### Source data
######

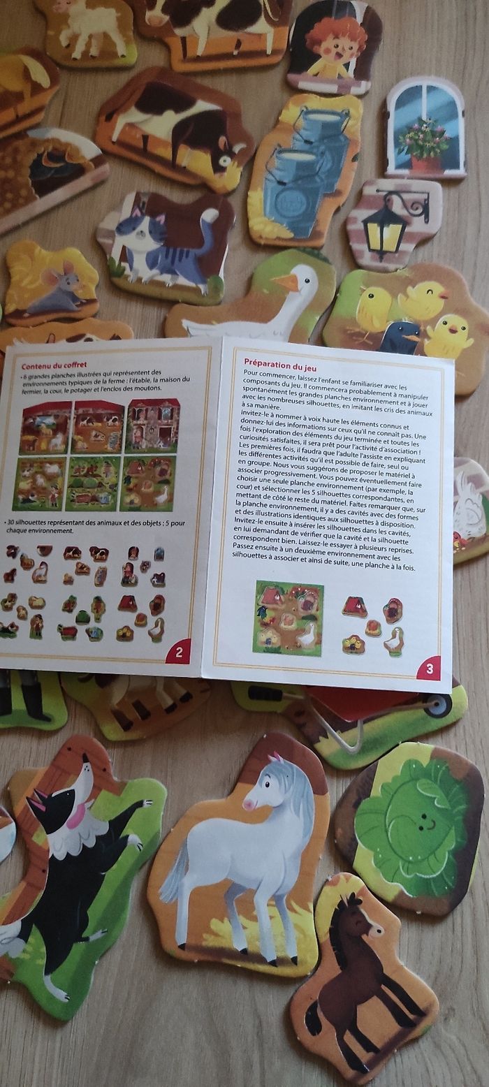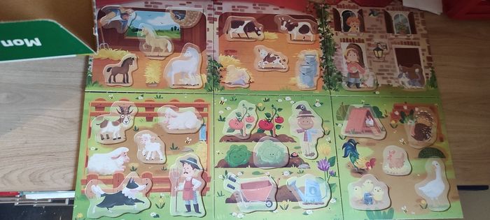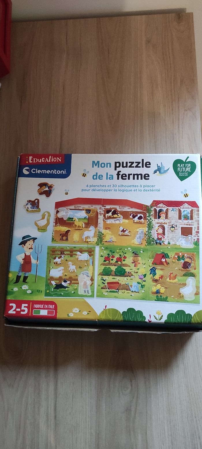 Grand puzzle encastrement 6 planches 30 pièces 2 à 5 ans Complet , vendu dans sa boîte et avec la notice Très bon état général Pensez aux lots réductions activées MON PUZZLE DE LA FERME DÉCOUVREZ LE MONDE de la ferme avec 'Mon Puzzle de la Ferme' de Clementoni. Chaque pièce représente un élément du quotidien agricole pour éveiller la curiosité des tout-petits. LUDIQUE : Ce jeu permet à l'enfant de découvrir les objets, les formes et les animaux de la ferme. Tout ce qui fait parti de l'univers de la Ferme. Il pourra développer sa motricité fine. EDUCATIF : Après avoir classé les éléments et identifié les formes, l'enfant peut les placer correctement dans l'environnement adapté puis rapprocher chaque planche pour reconstruire la ferme CADEAU LUDIQUE ET ÉDUCATIF POUR JEUNES ENFANTS – Une idée de cadeau faite pour les fans de la ferme, combinant divertissement, apprentissage et progression. FABRIQUÉ EN ITALIE AVEC DES MATÉRIAUX RECYCLÉS DE QUALITÉ – Clementoni accorde une attention particulière à l’environnement en privilégiant des composants recyclés et durables, sans substances nocives
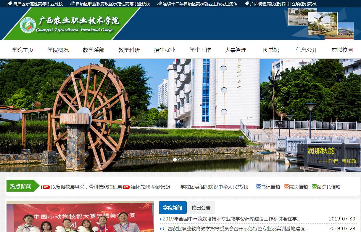 广西农业职业技术学院(以下简称“学院”)由创办于1942年的南宁高级农业职业学校发展而成,成长过程校名经历了南宁高级农业职业学校、广西革大农林水利专修科、南宁农业学校、广西农业专科学校、广西农业学校、南宁地区农业学校、广西农业学校、广西农业职业技术学院等变化,现在是广西壮族自治区直属的一所以农类专业为主的公办高等职业院校。2002年8月经自治区人民政府批准,重点中专广西农业学校升格为广西农业职业技术学院,2002年7月被教育部、劳动和社会保障部、国家经贸委授予“全国职业教育先进单位”荣誉称号,2005年12月被广西壮族自治区教育厅、发改委、财政厅、人事厅、劳动和社会保障厅、农业厅、扶贫办授予“全区职业教育先进单位”荣誉称号,2007年7月被批准为副厅级建制的自治区直属高校,2008年12月被广西壮族自治区教育厅认定为“广西壮族自治区首批职业教育攻坚示范性高等职业院校”,2011年1月被广西壮族自治区教育厅、财政厅认定为“广西壮族自治区示范性高等职业院校”,2013年6月被广西壮族自治区教育厅确定为“广西特色高校建设项目立项建设高校”。学院全面贯彻党和国家的教育方针,遵循高等职业教育办学规律,按照德才兼备、德育为先、能力为重、全面发展的要求,针对地方经济社会发展,特别是农业农村产业结构,着力培养适应生产、建设、管理、服务第一线需要的高素质技术技能型人才,学院以建设区域领先、特色鲜明的高等职业学校为办学目标。学院占地面积65.8公顷,建筑面积38.83万平方米(其中,教学行政用房面积14.62万平方米,学生宿舍面积8.76万平方米,固定资产29327.48万元,教学科研仪器设备总值14680.66万元。学院图书馆纸质藏书50.59万册,图书资源数据库6个,电子图书3100GB。已建成学生课堂刷卡和微信考勤系统、网络远程双向互动可视化教学培训系统、“一卡通”智慧管理系统、协同管理平台、教务管理系统、科研管理系统、学生综合信息管理平台、校情分析与综合数据共享信息平台等20多个系统,学院基本实现教学、行政、生活等方面信息化管理。现有教职工650人,其中专任教师522人,具有博士学位6人,具有硕士及以上学位190人;具有正高职称21人,副高职称98人,获教育厅认定的“双师型”教师164人。有3个教学团队(食品加工技术专业、养猪与猪病防治课程、果树生产技术课程)被评为自治区级教学团队,有14名教师被聘为全国行业职业教育教学指导委员会委员和广西行业职业教育教学指导委员会委员,有1名教师被评为广西高校教学名师,1人被评为广西先进工作者,1人获得广西五一劳动奖章。学院开设的专业涵盖农林牧渔、生化与药品、土建、制造、电子信息、轻纺食品、财经、文化管理等8大行业,形成了以农科类专业为主体,农、工、商、经、管、文多学科、多专业协调发展的专业格局。畜牧兽医、城市园林、食品加工技术、中草药栽培技术、园艺技术5个专业被确定为广西高等学校优势特色专业建设点。畜牧兽医、食品加工技术、中草药栽培技术、城市园林、园艺技术等5个专业先后获自治区示范特色专业及实训基地项目建设(分别获1000万元建设经费支持)。目前,学院正在按照“扶需、扶特、扶优”的原则,着力把畜牧兽医类、农作物生产类、园艺类、园林类、中草药类、食品加工与检测类、信息技术类、汽车与机电维修类、企业管理类等九大类专业打造成为国内具有影响力的优势特色专业群。目前,学院招生专业及专业方向共有58个。学院拥有现代园区示范型、有限公司经营型、教学工场研发型、基本技能训练型等多种模式的教学实训基地。其中,现代农业技术展示中心(八桂田园)是一个集引种试验、生产示范、技术推广、教学实习、科普教育和旅游观光为一体的校内现代园区示范型生产性实训基地;广西绿悦食品有限责任公司、广西绿信会计有限责任公司、广西华亚金桥农业科技开发有限责任公司等院内企业是有限公司经营型生产性实训基地。生物技术(应用园艺)实训基地、畜牧兽医实训基地、食品加工技术实训基地、种子生产与经营实训基地等4个实训基地为中央财政支持的职业教育实训基地;生物技术(应用园艺方向)实训基地、畜牧兽医实训基地、农林技术与管理实训基地、食品生物技术实训基地、建筑技术(城市园林方向)实训基地、机电设备维修实训基地、农产品营销实训基地等7个实训基地被认定为自治区示范性高职教育实训基地。此外,有100多家农业龙头企业及科研院所与学院建立了合作关系,成为学院稳定的校外实习实训基地。学院坚持以内涵建设促发展的道路,持续不断地加强教学改革。2014年9月,学院获国家级教学成果二等奖2项(获奖项目名称为:《高职食品类专业“六位一体”校内实训基地建设及实践教学改革》和《高职畜牧兽医专业“双主体、六融合”人才培养模式的研究与实践》,获奖成果数占当年广西高职院校获奖总数的1/4)。2009年至今,学院获自治区级教学成果奖9项(其中一等奖3项)。《果树生产技术》《养猪与猪病防治》《食品工程操作单元》等3门课程被评为国家精品课程,并获国家精品资源共享课项目立项;《养猪与猪病防治》《动物防疫与检疫技术》《果树生产技术》《植物细胞工程》《植物与植物生理》《食品工程操作单元
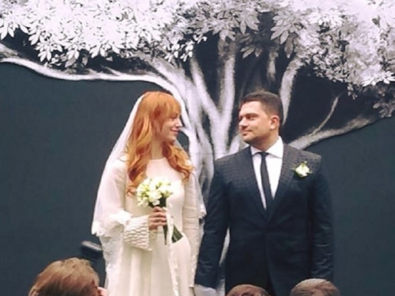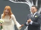 Для весілля Тарабарова обрала закриту сукню кольору айворі, поділ сукні якої був прикрашений камінням.

######

### Task brief
Output all the material verbatim, skipping every image.

### Response
 Grand puzzle encastrement 6 planches 30 pièces 2 à 5 ans Complet , vendu dans sa boîte et avec la notice Très bon état général Pensez aux lots réductions activées MON PUZZLE DE LA FERME DÉCOUVREZ LE MONDE de la ferme avec 'Mon Puzzle de la Ferme' de Clementoni. Chaque pièce représente un élément du quotidien agricole pour éveiller la curiosité des tout-petits. LUDIQUE : Ce jeu permet à l'enfant de découvrir les objets, les formes et les animaux de la ferme. Tout ce qui fait parti de l'univers de la Ferme. Il pourra développer sa motricité fine. EDUCATIF : Après avoir classé les éléments et identifié les formes, l'enfant peut les placer correctement dans l'environnement adapté puis rapprocher chaque planche pour reconstruire la ferme CADEAU LUDIQUE ET ÉDUCATIF POUR JEUNES ENFANTS – Une idée de cadeau faite pour les fans de la ferme, combinant divertissement, apprentissage et progression. FABRIQUÉ EN ITALIE AVEC DES MATÉRIAUX RECYCLÉS DE QUALITÉ – Clementoni accorde une attention particulière à l’environnement en privilégiant des composants recyclés et durables, sans substances nocives
 广西农业职业技术学院(以下简称“学院”)由创办于1942年的南宁高级农业职业学校发展而成,成长过程校名经历了南宁高级农业职业学校、广西革大农林水利专修科、南宁农业学校、广西农业专科学校、广西农业学校、南宁地区农业学校、广西农业学校、广西农业职业技术学院等变化,现在是广西壮族自治区直属的一所以农类专业为主的公办高等职业院校。2002年8月经自治区人民政府批准,重点中专广西农业学校升格为广西农业职业技术学院,2002年7月被教育部、劳动和社会保障部、国家经贸委授予“全国职业教育先进单位”荣誉称号,2005年12月被广西壮族自治区教育厅、发改委、财政厅、人事厅、劳动和社会保障厅、农业厅、扶贫办授予“全区职业教育先进单位”荣誉称号,2007年7月被批准为副厅级建制的自治区直属高校,2008年12月被广西壮族自治区教育厅认定为“广西壮族自治区首批职业教育攻坚示范性高等职业院校”,2011年1月被广西壮族自治区教育厅、财政厅认定为“广西壮族自治区示范性高等职业院校”,2013年6月被广西壮族自治区教育厅确定为“广西特色高校建设项目立项建设高校”。学院全面贯彻党和国家的教育方针,遵循高等职业教育办学规律,按照德才兼备、德育为先、能力为重、全面发展的要求,针对地方经济社会发展,特别是农业农村产业结构,着力培养适应生产、建设、管理、服务第一线需要的高素质技术技能型人才,学院以建设区域领先、特色鲜明的高等职业学校为办学目标。学院占地面积65.8公顷,建筑面积38.83万平方米(其中,教学行政用房面积14.62万平方米,学生宿舍面积8.76万平方米,固定资产29327.48万元,教学科研仪器设备总值14680.66万元。学院图书馆纸质藏书50.59万册,图书资源数据库6个,电子图书3100GB。已建成学生课堂刷卡和微信考勤系统、网络远程双向互动可视化教学培训系统、“一卡通”智慧管理系统、协同管理平台、教务管理系统、科研管理系统、学生综合信息管理平台、校情分析与综合数据共享信息平台等20多个系统,学院基本实现教学、行政、生活等方面信息化管理。现有教职工650人,其中专任教师522人,具有博士学位6人,具有硕士及以上学位190人;具有正高职称21人,副高职称98人,获教育厅认定的“双师型”教师164人。有3个教学团队(食品加工技术专业、养猪与猪病防治课程、果树生产技术课程)被评为自治区级教学团队,有14名教师被聘为全国行业职业教育教学指导委员会委员和广西行业职业教育教学指导委员会委员,有1名教师被评为广西高校教学名师,1人被评为广西先进工作者,1人获得广西五一劳动奖章。学院开设的专业涵盖农林牧渔、生化与药品、土建、制造、电子信息、轻纺食品、财经、文化管理等8大行业,形成了以农科类专业为主体,农、工、商、经、管、文多学科、多专业协调发展的专业格局。畜牧兽医、城市园林、食品加工技术、中草药栽培技术、园艺技术5个专业被确定为广西高等学校优势特色专业建设点。畜牧兽医、食品加工技术、中草药栽培技术、城市园林、园艺技术等5个专业先后获自治区示范特色专业及实训基地项目建设(分别获1000万元建设经费支持)。目前,学院正在按照“扶需、扶特、扶优”的原则,着力把畜牧兽医类、农作物生产类、园艺类、园林类、中草药类、食品加工与检测类、信息技术类、汽车与机电维修类、企业管理类等九大类专业打造成为国内具有影响力的优势特色专业群。目前,学院招生专业及专业方向共有58个。学院拥有现代园区示范型、有限公司经营型、教学工场研发型、基本技能训练型等多种模式的教学实训基地。其中,现代农业技术展示中心(八桂田园)是一个集引种试验、生产示范、技术推广、教学实习、科普教育和旅游观光为一体的校内现代园区示范型生产性实训基地;广西绿悦食品有限责任公司、广西绿信会计有限责任公司、广西华亚金桥农业科技开发有限责任公司等院内企业是有限公司经营型生产性实训基地。生物技术(应用园艺)实训基地、畜牧兽医实训基地、食品加工技术实训基地、种子生产与经营实训基地等4个实训基地为中央财政支持的职业教育实训基地;生物技术(应用园艺方向)实训基地、畜牧兽医实训基地、农林技术与管理实训基地、食品生物技术实训基地、建筑技术(城市园林方向)实训基地、机电设备维修实训基地、农产品营销实训基地等7个实训基地被认定为自治区示范性高职教育实训基地。此外,有100多家农业龙头企业及科研院所与学院建立了合作关系,成为学院稳定的校外实习实训基地。学院坚持以内涵建设促发展的道路,持续不断地加强教学改革。2014年9月,学院获国家级教学成果二等奖2项(获奖项目名称为:《高职食品类专业“六位一体”校内实训基地建设及实践教学改革》和《高职畜牧兽医专业“双主体、六融合”人才培养模式的研究与实践》,获奖成果数占当年广西高职院校获奖总数的1/4)。2009年至今,学院获自治区级教学成果奖9项(其中一等奖3项)。《果树生产技术》《养猪与猪病防治》《食品工程操作单元》等3门课程被评为国家精品课程,并获国家精品资源共享课项目立项;《养猪与猪病防治》《动物防疫与检疫技术》《果树生产技术》《植物细胞工程》《植物与植物生理》《食品工程操作单元
 Для весілля Тарабарова обрала закриту сукню кольору айворі, поділ сукні якої був прикрашений камінням.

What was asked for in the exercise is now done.